**YOUR INSTRUCTIONS**
Give a verbatim copy of the data, leaving the pictures out.

**DATASET CONTENT**
******************************

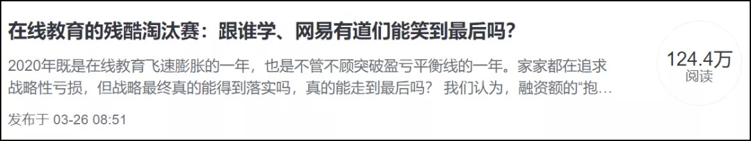 3 月 26 日发布《在线教育的残酷淘汰赛:跟谁学、网易有道们能笑到最后吗?》。其中标题里出现的 “跟谁学和网易有道”,它们的跌幅恰恰是 K12 在线教育公司中最大的。
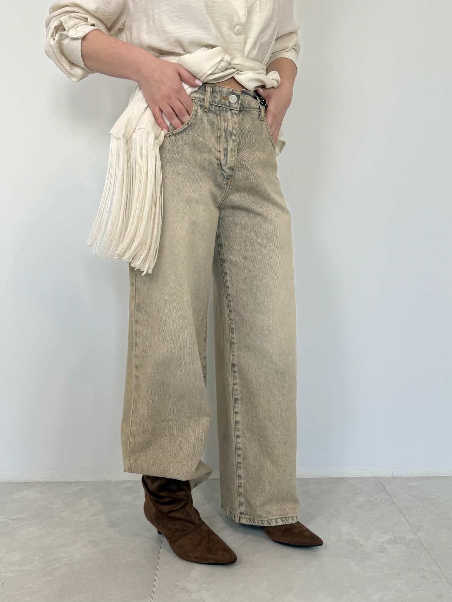 Haveone - Jeans bella invecchiato beige
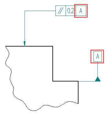 如何使用参考文本的一个简单示例是在基准框和特征控制框之间创建交叉引用。当基准字母更新时,特征控制框也将随之更新。
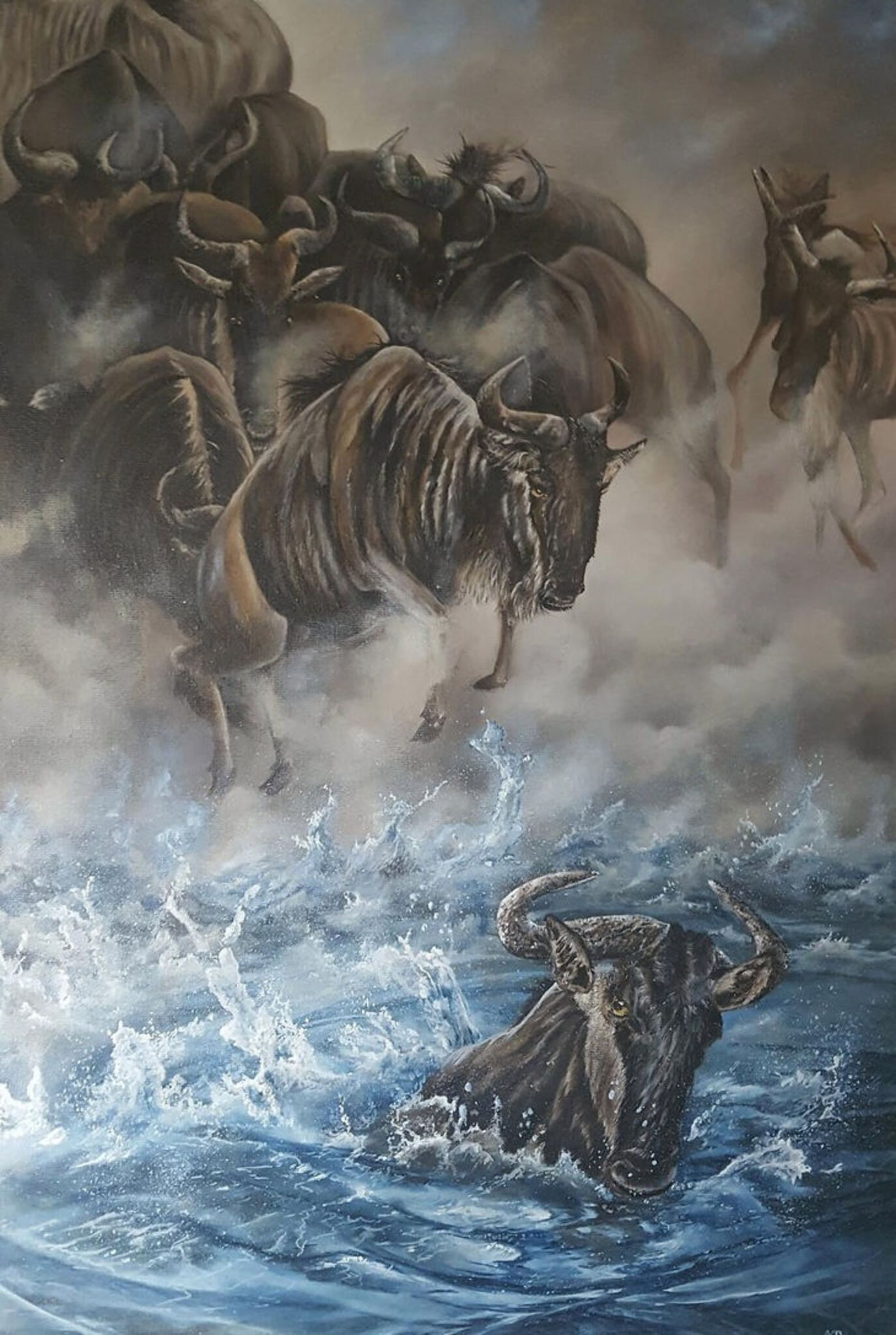 De jaarlijkse emigratie van gnoes in Africa naar de andere kant van het land.

******************************

**OUTPUT BELOW**
 3 月 26 日发布《在线教育的残酷淘汰赛:跟谁学、网易有道们能笑到最后吗?》。其中标题里出现的 “跟谁学和网易有道”,它们的跌幅恰恰是 K12 在线教育公司中最大的。
 Haveone - Jeans bella invecchiato beige
 如何使用参考文本的一个简单示例是在基准框和特征控制框之间创建交叉引用。当基准字母更新时,特征控制框也将随之更新。
 De jaarlijkse emigratie van gnoes in Africa naar de andere kant van het land.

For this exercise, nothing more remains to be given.